* [Task directions]
Among the entries below, one line contains "Descrição: | Fotografia" and another contains "이번사업연도의 매출액은 직전사업연도". Transcribe those two lines and every line between them, exactly.

BEGIN

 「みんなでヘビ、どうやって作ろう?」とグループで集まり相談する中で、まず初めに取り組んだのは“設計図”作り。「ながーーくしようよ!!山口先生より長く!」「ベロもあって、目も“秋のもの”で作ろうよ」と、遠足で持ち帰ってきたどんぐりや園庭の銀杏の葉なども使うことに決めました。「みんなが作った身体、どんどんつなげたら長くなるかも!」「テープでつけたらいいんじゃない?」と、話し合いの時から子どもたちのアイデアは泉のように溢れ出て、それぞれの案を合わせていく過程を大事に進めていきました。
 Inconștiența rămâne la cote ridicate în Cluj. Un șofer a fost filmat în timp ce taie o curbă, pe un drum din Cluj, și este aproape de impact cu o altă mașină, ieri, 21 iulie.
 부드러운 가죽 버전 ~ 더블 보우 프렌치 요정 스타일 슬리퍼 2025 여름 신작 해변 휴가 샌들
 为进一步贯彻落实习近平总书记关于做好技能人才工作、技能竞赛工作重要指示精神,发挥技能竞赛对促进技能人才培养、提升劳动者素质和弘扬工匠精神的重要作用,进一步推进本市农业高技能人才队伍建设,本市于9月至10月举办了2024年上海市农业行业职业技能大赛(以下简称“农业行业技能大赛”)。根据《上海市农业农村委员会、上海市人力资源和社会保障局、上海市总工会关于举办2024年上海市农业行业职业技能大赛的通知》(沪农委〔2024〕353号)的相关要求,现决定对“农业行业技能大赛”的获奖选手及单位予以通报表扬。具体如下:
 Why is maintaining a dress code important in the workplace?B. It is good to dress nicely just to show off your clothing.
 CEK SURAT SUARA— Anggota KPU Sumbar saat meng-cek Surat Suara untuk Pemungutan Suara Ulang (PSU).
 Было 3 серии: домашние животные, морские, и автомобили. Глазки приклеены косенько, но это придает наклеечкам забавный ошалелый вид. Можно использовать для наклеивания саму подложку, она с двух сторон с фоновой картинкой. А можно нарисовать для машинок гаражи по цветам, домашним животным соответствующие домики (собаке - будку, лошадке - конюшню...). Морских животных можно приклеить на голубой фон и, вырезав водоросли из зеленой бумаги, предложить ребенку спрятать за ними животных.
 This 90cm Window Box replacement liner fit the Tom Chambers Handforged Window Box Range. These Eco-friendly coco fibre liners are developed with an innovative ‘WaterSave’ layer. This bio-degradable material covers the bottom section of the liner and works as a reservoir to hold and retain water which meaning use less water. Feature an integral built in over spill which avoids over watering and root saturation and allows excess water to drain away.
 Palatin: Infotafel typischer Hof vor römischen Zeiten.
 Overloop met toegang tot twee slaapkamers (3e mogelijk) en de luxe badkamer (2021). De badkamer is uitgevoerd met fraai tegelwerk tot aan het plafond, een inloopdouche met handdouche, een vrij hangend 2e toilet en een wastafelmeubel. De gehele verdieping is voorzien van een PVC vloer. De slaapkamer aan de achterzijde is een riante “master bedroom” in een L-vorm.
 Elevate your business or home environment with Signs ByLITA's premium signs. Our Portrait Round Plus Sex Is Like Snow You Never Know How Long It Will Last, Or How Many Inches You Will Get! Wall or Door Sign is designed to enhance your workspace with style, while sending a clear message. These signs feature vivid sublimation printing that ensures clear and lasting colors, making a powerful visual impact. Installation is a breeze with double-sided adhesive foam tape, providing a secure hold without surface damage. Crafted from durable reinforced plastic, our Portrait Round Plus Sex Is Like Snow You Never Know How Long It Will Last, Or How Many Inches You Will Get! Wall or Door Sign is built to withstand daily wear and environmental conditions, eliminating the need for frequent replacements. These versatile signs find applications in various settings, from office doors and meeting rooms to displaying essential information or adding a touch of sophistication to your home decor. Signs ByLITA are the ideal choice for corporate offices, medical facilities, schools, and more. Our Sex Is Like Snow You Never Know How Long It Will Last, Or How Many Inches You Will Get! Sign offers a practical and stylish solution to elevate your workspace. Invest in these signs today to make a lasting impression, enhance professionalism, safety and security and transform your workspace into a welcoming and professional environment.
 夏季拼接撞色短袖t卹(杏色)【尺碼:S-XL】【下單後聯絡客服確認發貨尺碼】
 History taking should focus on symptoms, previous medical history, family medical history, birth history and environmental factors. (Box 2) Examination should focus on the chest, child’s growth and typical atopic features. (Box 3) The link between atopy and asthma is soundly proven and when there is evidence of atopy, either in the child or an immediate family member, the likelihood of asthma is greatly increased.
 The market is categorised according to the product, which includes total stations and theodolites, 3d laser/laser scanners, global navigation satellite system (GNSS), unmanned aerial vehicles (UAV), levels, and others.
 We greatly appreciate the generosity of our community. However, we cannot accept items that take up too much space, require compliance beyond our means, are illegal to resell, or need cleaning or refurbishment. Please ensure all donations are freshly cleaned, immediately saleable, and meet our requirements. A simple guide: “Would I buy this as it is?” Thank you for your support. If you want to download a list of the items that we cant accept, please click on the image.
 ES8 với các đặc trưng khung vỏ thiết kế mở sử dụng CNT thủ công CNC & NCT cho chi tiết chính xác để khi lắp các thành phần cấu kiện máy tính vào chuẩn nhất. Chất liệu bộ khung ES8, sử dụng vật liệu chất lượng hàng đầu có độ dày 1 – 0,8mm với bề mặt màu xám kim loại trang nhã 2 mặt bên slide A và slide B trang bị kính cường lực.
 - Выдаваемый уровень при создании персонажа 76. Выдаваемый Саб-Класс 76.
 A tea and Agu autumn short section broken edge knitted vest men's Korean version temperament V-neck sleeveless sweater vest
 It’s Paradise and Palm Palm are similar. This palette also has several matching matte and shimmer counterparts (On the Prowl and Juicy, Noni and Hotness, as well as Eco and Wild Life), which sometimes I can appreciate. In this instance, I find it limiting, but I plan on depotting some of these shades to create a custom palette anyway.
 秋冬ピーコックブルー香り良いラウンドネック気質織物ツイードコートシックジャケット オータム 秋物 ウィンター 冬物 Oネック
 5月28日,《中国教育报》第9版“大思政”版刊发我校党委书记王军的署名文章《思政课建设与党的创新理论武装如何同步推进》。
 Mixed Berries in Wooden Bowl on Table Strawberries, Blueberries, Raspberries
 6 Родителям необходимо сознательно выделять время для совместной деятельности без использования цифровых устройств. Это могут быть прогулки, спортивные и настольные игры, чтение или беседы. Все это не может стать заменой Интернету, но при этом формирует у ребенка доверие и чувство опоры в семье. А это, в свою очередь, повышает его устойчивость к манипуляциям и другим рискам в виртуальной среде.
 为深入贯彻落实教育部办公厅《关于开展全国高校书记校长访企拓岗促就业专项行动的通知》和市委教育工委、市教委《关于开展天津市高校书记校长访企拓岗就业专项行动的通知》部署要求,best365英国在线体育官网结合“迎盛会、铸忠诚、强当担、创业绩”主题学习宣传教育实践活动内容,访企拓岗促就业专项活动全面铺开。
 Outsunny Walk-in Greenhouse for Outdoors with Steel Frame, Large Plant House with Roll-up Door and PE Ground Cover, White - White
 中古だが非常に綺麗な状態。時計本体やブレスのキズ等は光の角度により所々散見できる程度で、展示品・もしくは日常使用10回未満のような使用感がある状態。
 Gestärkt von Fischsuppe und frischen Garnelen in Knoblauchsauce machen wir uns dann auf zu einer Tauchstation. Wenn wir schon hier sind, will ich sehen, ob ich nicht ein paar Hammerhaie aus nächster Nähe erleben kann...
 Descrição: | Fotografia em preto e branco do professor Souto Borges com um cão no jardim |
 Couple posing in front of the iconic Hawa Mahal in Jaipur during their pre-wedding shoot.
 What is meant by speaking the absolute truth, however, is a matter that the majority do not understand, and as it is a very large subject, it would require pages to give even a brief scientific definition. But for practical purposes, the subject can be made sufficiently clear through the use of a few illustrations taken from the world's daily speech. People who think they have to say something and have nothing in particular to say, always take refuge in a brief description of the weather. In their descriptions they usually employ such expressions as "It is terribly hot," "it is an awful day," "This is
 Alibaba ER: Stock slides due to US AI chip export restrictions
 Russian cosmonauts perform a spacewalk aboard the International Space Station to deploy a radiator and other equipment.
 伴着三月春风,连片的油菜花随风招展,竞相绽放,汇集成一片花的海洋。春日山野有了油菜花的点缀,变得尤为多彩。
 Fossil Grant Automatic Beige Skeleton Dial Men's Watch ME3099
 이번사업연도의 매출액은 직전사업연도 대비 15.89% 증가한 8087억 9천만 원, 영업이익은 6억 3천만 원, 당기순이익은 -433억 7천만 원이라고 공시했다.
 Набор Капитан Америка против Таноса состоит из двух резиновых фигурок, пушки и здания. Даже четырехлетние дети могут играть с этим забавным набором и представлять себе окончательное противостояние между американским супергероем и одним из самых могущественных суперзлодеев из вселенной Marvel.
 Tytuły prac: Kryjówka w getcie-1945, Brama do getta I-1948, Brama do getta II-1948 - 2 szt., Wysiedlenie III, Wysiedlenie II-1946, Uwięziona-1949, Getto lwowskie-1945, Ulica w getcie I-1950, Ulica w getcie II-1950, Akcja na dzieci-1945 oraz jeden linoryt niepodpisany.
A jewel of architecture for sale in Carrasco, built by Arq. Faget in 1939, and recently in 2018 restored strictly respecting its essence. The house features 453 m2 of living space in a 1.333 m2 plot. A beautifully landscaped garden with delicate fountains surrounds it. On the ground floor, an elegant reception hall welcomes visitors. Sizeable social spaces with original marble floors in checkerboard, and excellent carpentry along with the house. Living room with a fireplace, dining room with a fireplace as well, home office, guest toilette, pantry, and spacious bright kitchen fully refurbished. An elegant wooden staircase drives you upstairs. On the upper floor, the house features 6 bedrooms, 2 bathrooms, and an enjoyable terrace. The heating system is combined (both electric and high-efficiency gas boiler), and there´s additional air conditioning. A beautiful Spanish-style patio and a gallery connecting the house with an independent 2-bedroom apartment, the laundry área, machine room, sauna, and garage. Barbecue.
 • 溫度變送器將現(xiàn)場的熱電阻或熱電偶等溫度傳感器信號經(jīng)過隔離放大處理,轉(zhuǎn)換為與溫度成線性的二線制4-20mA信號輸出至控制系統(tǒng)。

END

* [Expected answer]
 Descrição: | Fotografia em preto e branco do professor Souto Borges com um cão no jardim |
 Couple posing in front of the iconic Hawa Mahal in Jaipur during their pre-wedding shoot.
 What is meant by speaking the absolute truth, however, is a matter that the majority do not understand, and as it is a very large subject, it would require pages to give even a brief scientific definition. But for practical purposes, the subject can be made sufficiently clear through the use of a few illustrations taken from the world's daily speech. People who think they have to say something and have nothing in particular to say, always take refuge in a brief description of the weather. In their descriptions they usually employ such expressions as "It is terribly hot," "it is an awful day," "This is
 Alibaba ER: Stock slides due to US AI chip export restrictions
 Russian cosmonauts perform a spacewalk aboard the International Space Station to deploy a radiator and other equipment.
 伴着三月春风,连片的油菜花随风招展,竞相绽放,汇集成一片花的海洋。春日山野有了油菜花的点缀,变得尤为多彩。
 Fossil Grant Automatic Beige Skeleton Dial Men's Watch ME3099
 이번사업연도의 매출액은 직전사업연도 대비 15.89% 증가한 8087억 9천만 원, 영업이익은 6억 3천만 원, 당기순이익은 -433억 7천만 원이라고 공시했다.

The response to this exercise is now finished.